# Alguien sabe arreglar teclados Yamaha PSR.



## julian sanchez (Mar 29, 2007)

que tal, no se si alguien sepa como reparar teclados yamaha PSR, yo tengo uno pero no lo puedo reparar, no le funsiona ningun boton, se escuchan bien todos los sonidos pero no puedo acceder a ningun parametro, ni a la caja de ritmos, culquier ayuda lo agradeceria gracias.


----------



## Sbalderas (May 17, 2007)

Hola Julian! Yo acabo de ingresar en este foro, es evidente que ya paso un tiempo considerable.
 Pero si aun tienes el problema con tu teclado tal vez pueda ayudarte...........
 Es necesario abrirlo y limpiar por dentro los "carboncitos" que traen las plantillas de los botones.


----------



## tiopepe123 (May 17, 2007)

Si, yo tambien arregle uno, en mi caso era una tecla se le habia metido una miguita de pan.

Consejos:

Antes de desmontar fijate con las alturas de los botones puede haber una "pulsado" eso bloquea el resto al utilizar un metodo matricial. (si es asi vuelve por aqui)

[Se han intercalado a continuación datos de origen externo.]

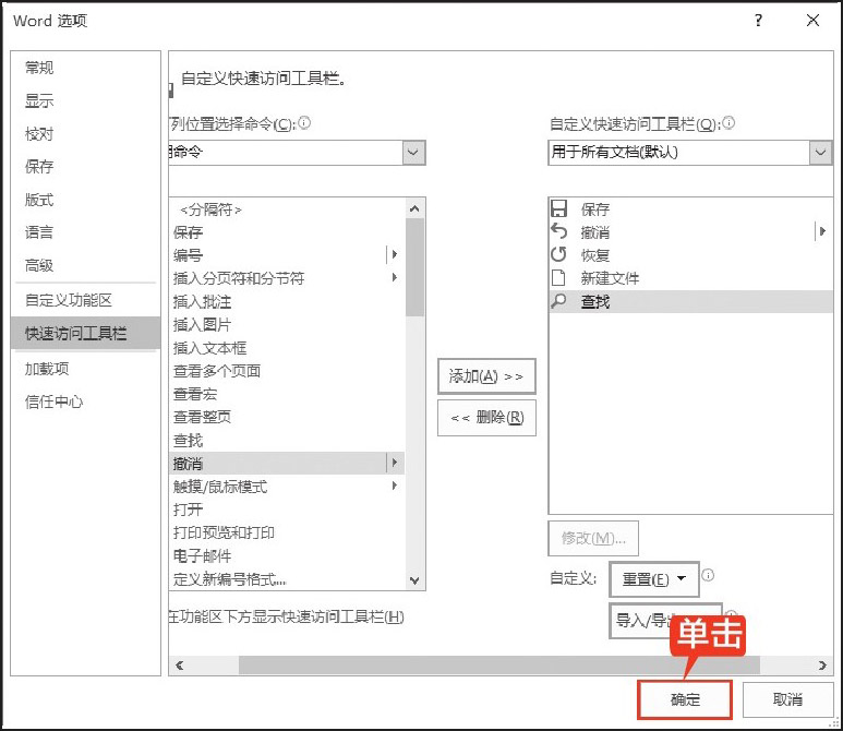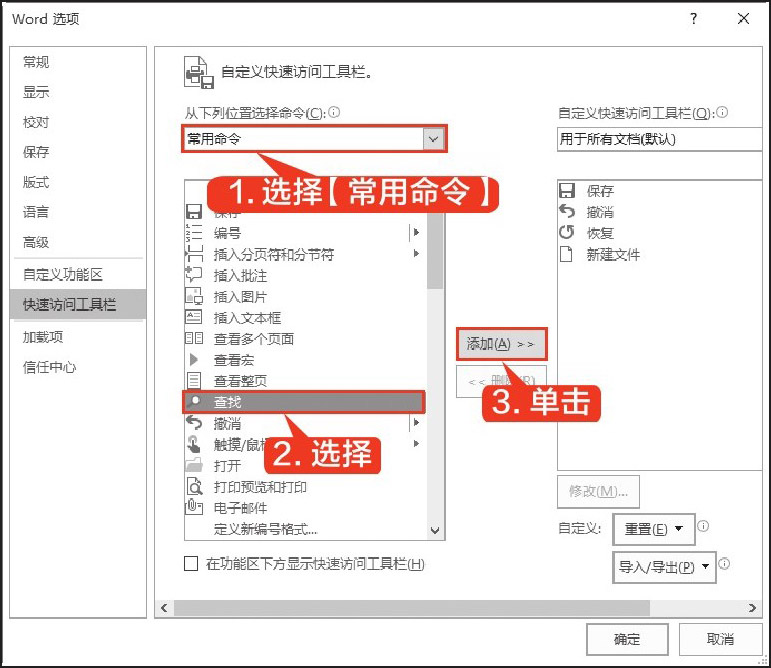 第4步 打开【Word选项】对话框,在【从下列位置选择命令】列表中选择【常用命令】选项,在下方的列表中选择要添加至快速访问工具栏的按钮,这里选择【查找】按钮,单击【添加】按钮。

No utilizar ni disolventes ni alcoholes, solo y exclusivamente agua y jabon, se puede mojar la placa , hasta sumerjirla, no pasa nada ya que los componentes electronicos son estancos.

repasa las pistas de cobre con una lente en busca de grietas microscopicas o utiliza un tester.

Sigue la maxima que lo que la gente pueda tocas esta roto, examina con cuidado las tecla importantes o de mas uso, deben estar a la misma altura, las pistas limpias y sin brietas,grasas o pegamentos.

si no te funciona comentalo.


----------



## julian sanchez (May 18, 2007)

gracias por sus consejos ya hice de todo pero sigo teniendo el mismo problema no funciona ningun boton solo el cursor para cambiar los sonidos cualquier ayuda se agradeceria y nuevamente gracias.


----------



## rdhtv (Jul 29, 2008)

Hola, yo tambien tengo ese problema pero me di cuenta que era el integrado hd64180rp8 que controla tooodo hasta la disketera, el problema fue que se le cayo acido de la pila. ahora estoy buscando este integrado. Si alguien me puede ayudar por favooor. Gracias


----------